Background Many existing methods for estimation of infectious disease transmission networks use a phylogeny of the infecting strains as the basis for transmission network inference, and accurate network inference relies on accuracy of this underlying evolutionary history. However, phylogenetic reconstruction can be highly error prone and more sophisticated methods can fail to scale to larger outbreaks, negatively impacting downstream transmission network inference.

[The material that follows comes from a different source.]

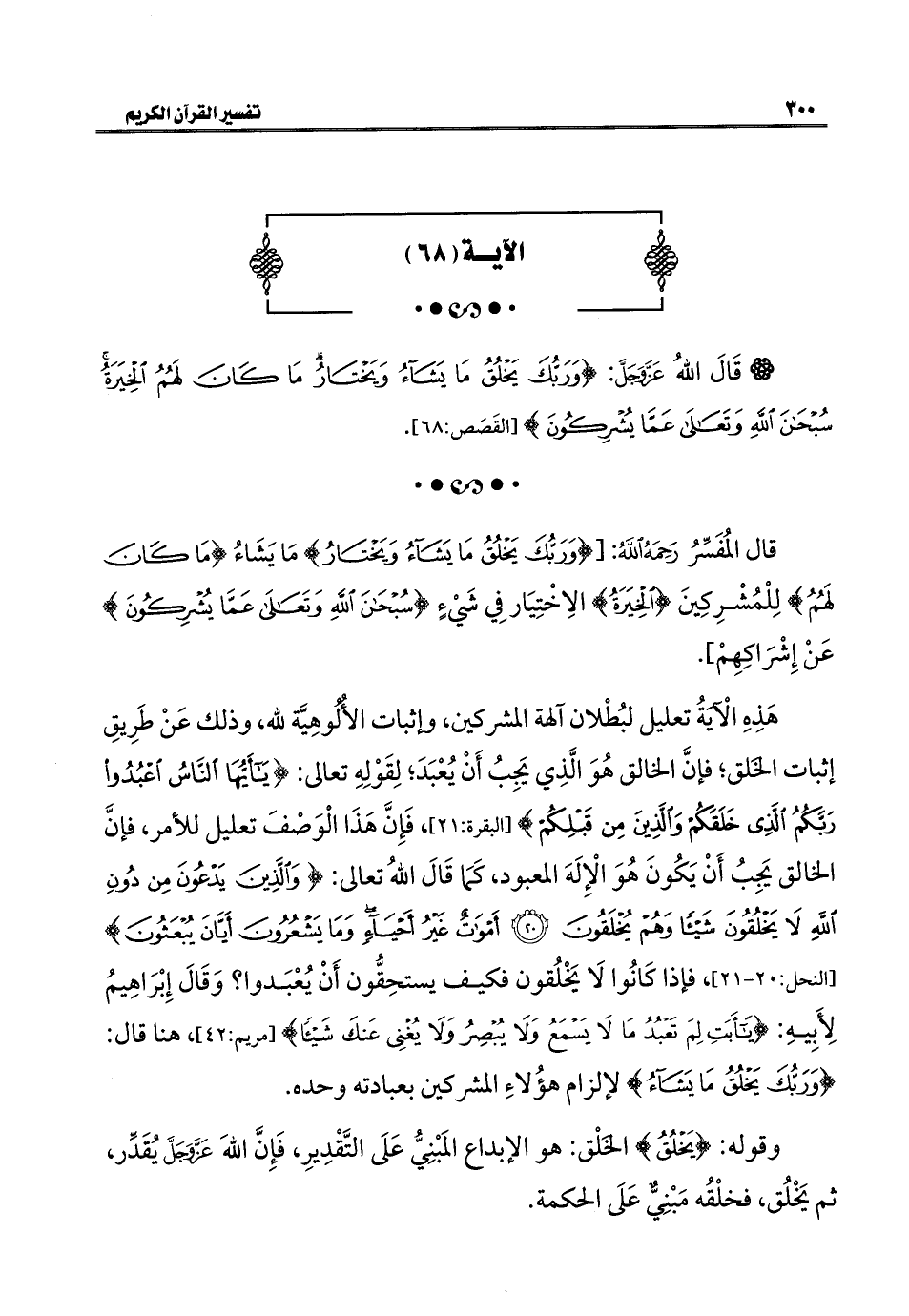 هَذِهِ الآيَةُ تعليل لبُطلان آلهة المشركين، وإثبات الأُلُوهِيَّة للَّه، وذلك عَنْ طَرِيقِ إثبات الخَلق؛ فإنَّ الخالق هُوَ الَّذِي يَجِبُ أَنْ يُعْبَدَ؛ لِقَوْلِهِ تعالى: {يَاأَيُّهَا النَّاسُ اعْبُدُوا رَبَّكُمُ الَّذِي خَلَقَكُمْ وَالَّذِينَ مِنْ قَبْلِكُمْ} [البقرة: ٢١]، فَإِنَّ هَذَا الْوَصْفَ تعليل للأمر، فإنَّ الخالق يَجِبُ أَنْ يَكُونَ هُوَ الْإِلَهَ المعبود، كَمَا قَالَ اللَّهُ تعالى: {وَالَّذِينَ يَدْعُونَ مِنْ دُونِ اللَّهِ لَا يَخْلُقُونَ شَيْئًا وَهُمْ يُخْلَقُونَ (٢٠) أَمْوَاتٌ غَيْرُ أَحْيَاءٍ وَمَا يَشْعُرُونَ أَيَّانَ يُبْعَثُونَ} [النحل: ٢٠ - ٢١]، فإذا كَانُوا لَا يَخْلُقون فكيف يستحِقُّون أَنْ يُعْبَدوا؟ وَقَالَ إِبْرَاهِيمُ لِأَبِيهِ: {يَاأَبَتِ لِمَ تَعْبُدُ مَا لَا يَسْمَعُ وَلَا يُبْصِرُ وَلَا يُغْنِي عَنْكَ شَيْئًا} [مريم: ٤٢]، هنا قال: {وَرَبُّكَ يَخْلُقُ مَا يَشَاءُ} لإلزام هؤُلاءِ المشركين بعبادته وحده.

Additionally, there are no currently available methods which are able to use within-host diversity to improve phylogenetic reconstruction.
Results We introduce a new method, TreeFix-TP, for accurate and scalable reconstruction of transmission phylogenies based on an error-correction framework. Our method uses intra-host strain diversity and host information to balance a parsimonious evaluation of the implied transmission network with statistical hypothesis testing on sequence data likelihood. The reconstructed tree minimizes the number of required disease transmissions while being as well supported by sequence data as the maximum likelihood phylogeny. We use a simulation framework for viral transmission and evolution to demonstrate that TreeFix-TP improves phylogenetic accuracy and downstream transmission network accuracy. We also use real data from ten HCV outbreaks and demonstrate how error-correction improves source detection.
Conclusions Our results show that using TreeFix-TP can lead to significant improvement in transmission phylogeny inference and that its performance is robust to variations in transmission and evolutionary parameters. Our experiments also demonstrate the importance of sampling multiple strain sequences from each infected host for accurate transmission network inference. TreeFix-TP is freely available open-source from https://compbio.engr.uconn.edu/software/treefix-tp/.
Recommended citation: Sledzieski, Zhang, Mandoiu, Bansal. TreeFix-TP: Phylogenetic Error-Correction for Infectious Disease Transmission Network Inference. Pacific Symposium on Biocomputing (PSB) 2021.Proceedings, pages 119-130.